Julie Brownlee, Fsp Invest, 17 Feb. 2015

Tags: put option, put options, what is a put option, trading put options, hedging your portfolio, trading, trading options

Options are by far the most popular trading tool in the US. And they’re available to trade in South Africa.

Options give you the right, but not the obligation, to buy a financial asset, such as shares, for an agreed price on or before a certain date.

There are two main types of options available to trade: Put options and call options.

Let’s take a closer look at how put options work…

The basics of put options

If you want to have the option to buy or sell a share, for example, you have to pay a premium (a fee) to the seller of the option (otherwise known as the option writer).

A put option gives you the right to sell a share.

If you think the price of a share is going to fall, you could buy a put option to try to profit from the fall in the share price.

How to hedge your portfolio using put options

Many investors use put options as a way to hedge their portfolio against a drop in the market. This is a strategy used by many fund managers.

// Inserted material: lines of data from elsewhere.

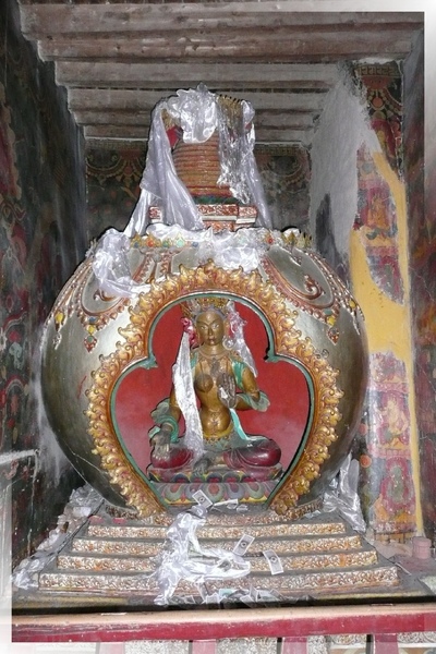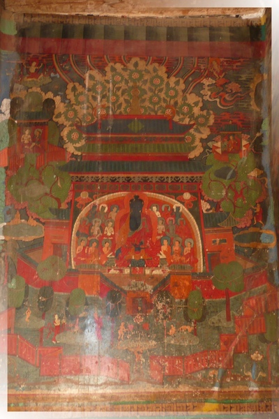(£十萬佛塔第4層,請欣賞此層最大的一個洞窟,裏面全是壁畫:釋迦牟尼佛成佛圖)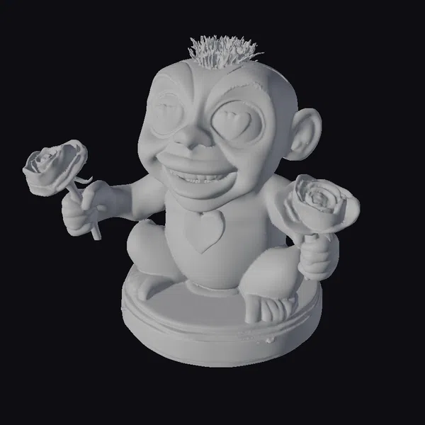 Detailed with precision, this stylized cherub figurine sits cross-legged on a round base, its plump body and face radiating joy. The cherub’s eyes are heart-shaped, with white and red details, matching the red hearts on its cheeks and chest. Its eyebrows are neatly groomed, and its lips are painted a vibrant red. Two roses, one in each hand, add a pop of color against the cherub’s cream-colored skin. A small green tuft tops its head, completing the whimsical look. This model is perfect for use in games, 3D printing, VR/AR experiences, animation, and design projects, offering a versatile and eye-catching element.
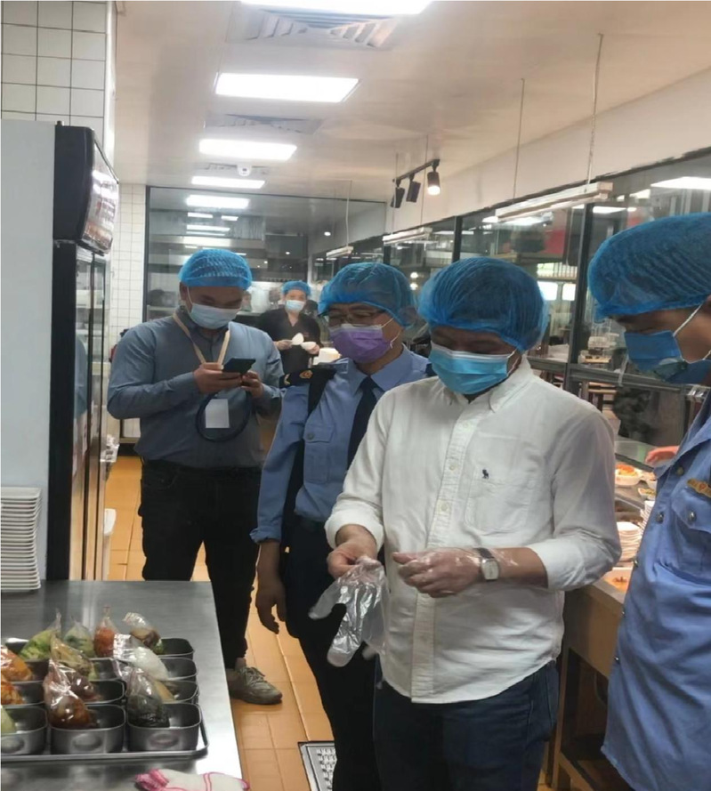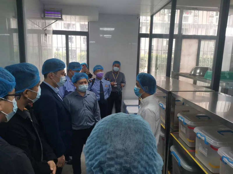 检查组一行重点检查了食堂疫情防控管理相关情况、食品进货台账、员工健康管理、餐品留样及场所设备设施清洁维护等,现场提出了专业的指导意见。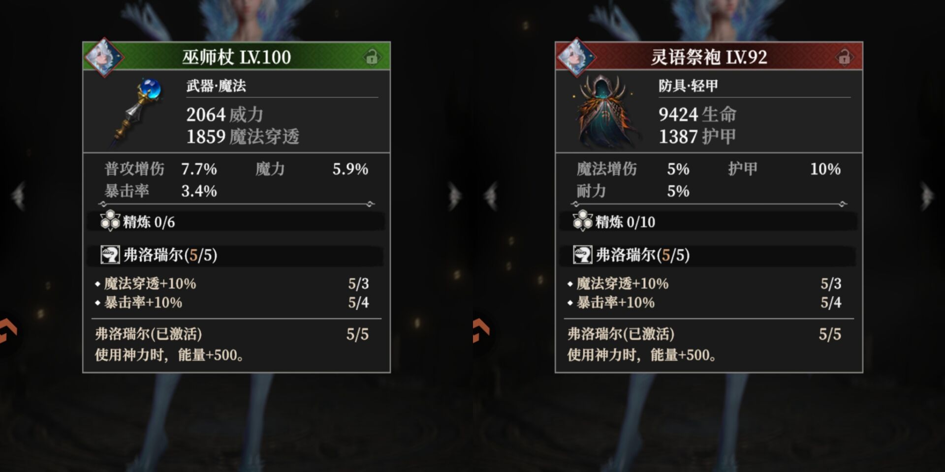 5件套激活后:只要使用神力,就可以回500点能量套装属性有提升:暴击、法穿、威力等加成。
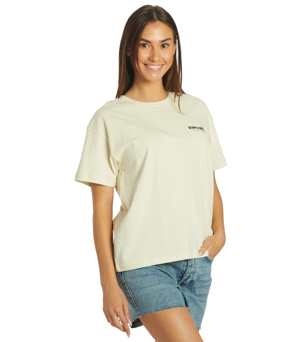 The Rip Curl Women’s Fields Of Dreams Relaxed Tee features prints on both sides and a soft wash feel.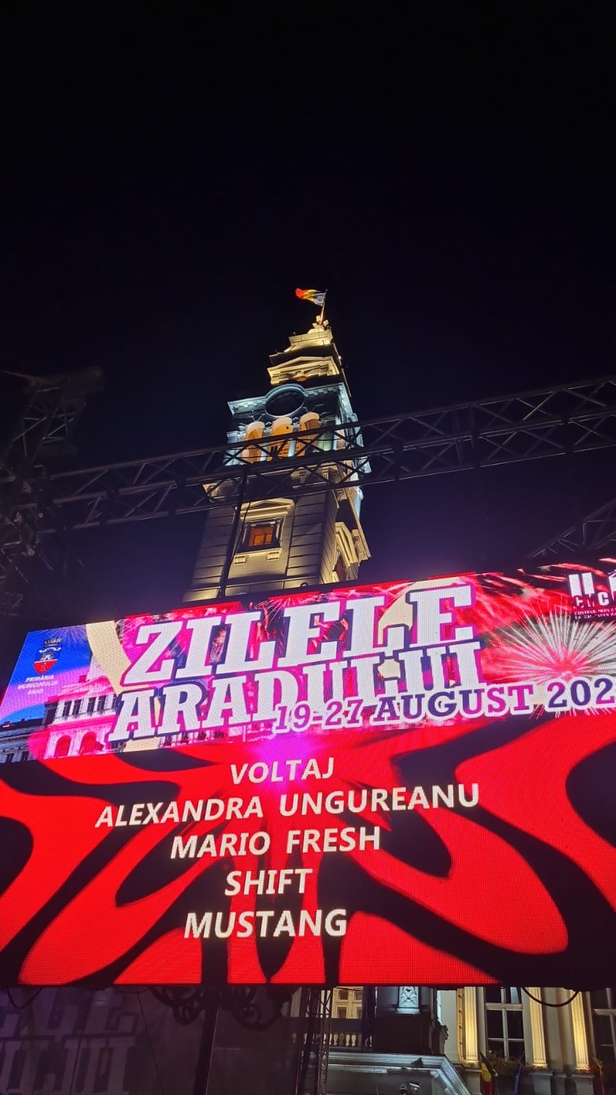 Pe lângă concerte, pe scenă urcând Mustang, Shift, Mario Fresh, Alexandra Ungureanu și Voltaj, arădenii au avut parte și de un spectacol de lumini.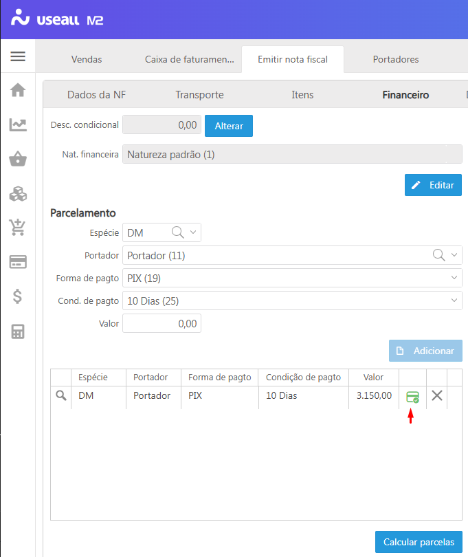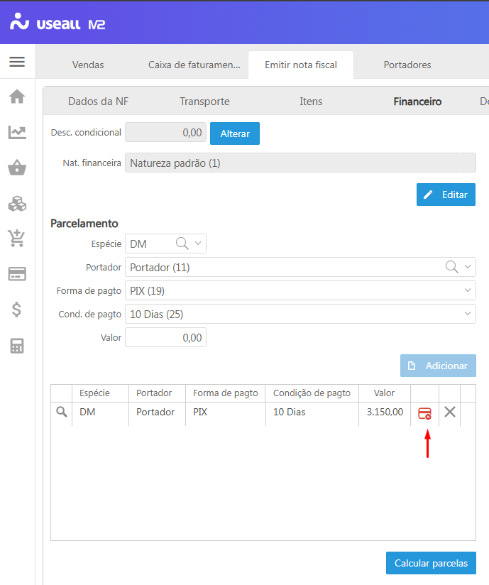 OBS.: Caso não preenchido, acusará mensagem de atenção, dizendo: Informe os dados de cartão/PIX para a forma de pagamento Cartão de débito (ou crédito, conforme estiver sendo utilizado como forma de pagamento).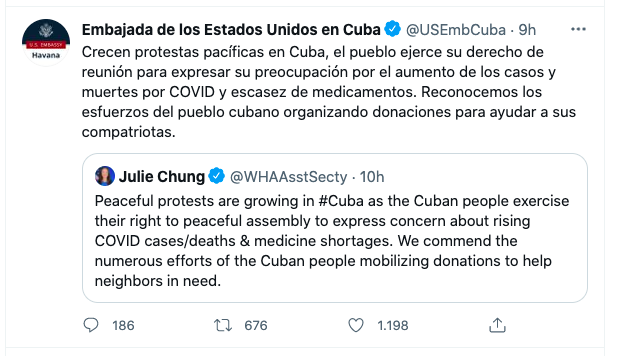 Qualche ora fa l’ambasciata degli Stati Uniti a Cuba ha dato un’interpretazione diversa dei fatti (circostanziandoli alla pandemia) e ha scritto su Twitter che “a Cuba crescono le proteste pacifiche. La popolazione esercita il diritto di assemblea per esprimere la propria preoccupazione per l’aumento dei casi e dei decessi per covid e per la carenza di medicinali. Riconosciamo gli sforzi del popolo cubano che organizza donazioni per aiutare i suoi compatrioti“.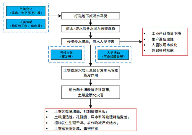 图3 海水入侵-土壤盐渍化灾害链式结构(改编自徐兴永等,海洋科学进展,2020)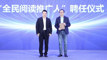 邱華棟為劉慈欣頒發(fā)“中國(guó)作協(xié)第二屆全民閱讀季”閱讀推廣人聘書(shū)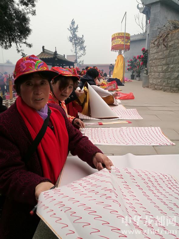 大霧的確延緩了香客的腳步,這也讓晚來的記者得以看到祭拜的盛景。女媧陵前,十幾名身著統(tǒng)一緞面紅襖,穿黑棉布鞋的女客正在結(jié)伴焚香祭拜,口音明顯和當(dāng)?shù)厝瞬煌?。她們是從距西華300多公里的濮陽范縣、臺前縣來的,說是凌晨2時(shí)就起身出發(fā),大霧中不僅遭遇堵車,還迷了路,到女媧城都快8時(shí)了。她們這次一起來的有30多人,分乘4輛車。就像往常前來一樣,她們在女媧城要焚香、跪拜、“寫賬”(在紙上畫符,敬奉女媧的一種民間形式)、“守功”(在大殿靜坐,以示對女媧親近),直至下午方回。“我們每年六月初一和臘月初一都來,為啥?信奉女媧娘娘唄,不來不舒服?!逼渲幸晃豢仔障憧透嬖V記者。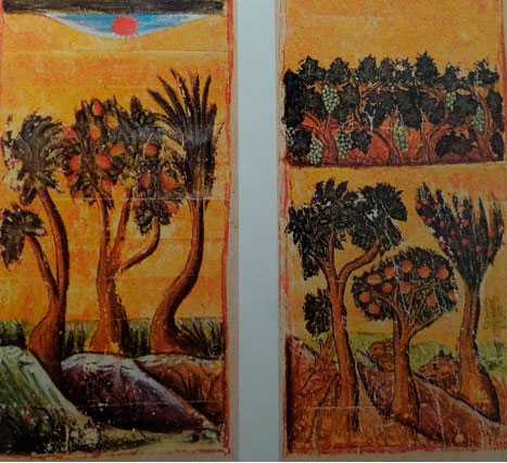 Μαύρες ελαίες οξομέλιτι και σίναπη (Μαύρες ελιές, ξίδι, μέλι, σινάπι) / Φασούλιον αλεστόν, δίεφθον οξομέλιτι (Φάβα μαυρομάτικων φασολιών, ξίδι, μέλι) / Φακή μεθ’ όξους, κοριάνδρου και ρου (Φακή, ξίδι, κόλιαντρο, ρους) / Σφουγγάτο (Αυγά σφουγγάτο) / Απάκι (Χοιρινό παστό και καπνιστό) / Άρτος μεταξωτός (Ψωμί φτιαγμένο με πολύ καλά κοσκινισμένο αλεύρι) / Παξαμάς (Παξιμάδι) / Χοιρινό με οξύμελι (Χοιρινό, ξίδι, μέλι) / Πληγούρι / Maghmuma (Μελιτζάνες, κρεμμύδια, αρνί, ξίδι, σαφράν, κόλιαντρο, κύμινο, κάρο, πιπέρι, κανέλα, πιπερόριζα)

By buying put options on a stock market index, if the stock market falls, the profits on the options will offset the losses on the shares in their portfolio.

In South Africa, options are based on the underlying single stock futures contract, which is based on the underlying share. This means that each options contract is equal to 100 underlying shares.

Put options in action

Let’s take a look at an example of trading put options…

Company ABC is trading at 100c a share. A put option gives you the right to sell at 90c. The premium is 5c.

The cost of the option is R5 (5c x 100). If the share falls to 70c, you could make a profit of R15 ((90c-70c-5c) x 100).

If the shares go up in value, you’d let the option expire. You’d lose your premium of R5.

So there you have it, how to use put options in your portfolio.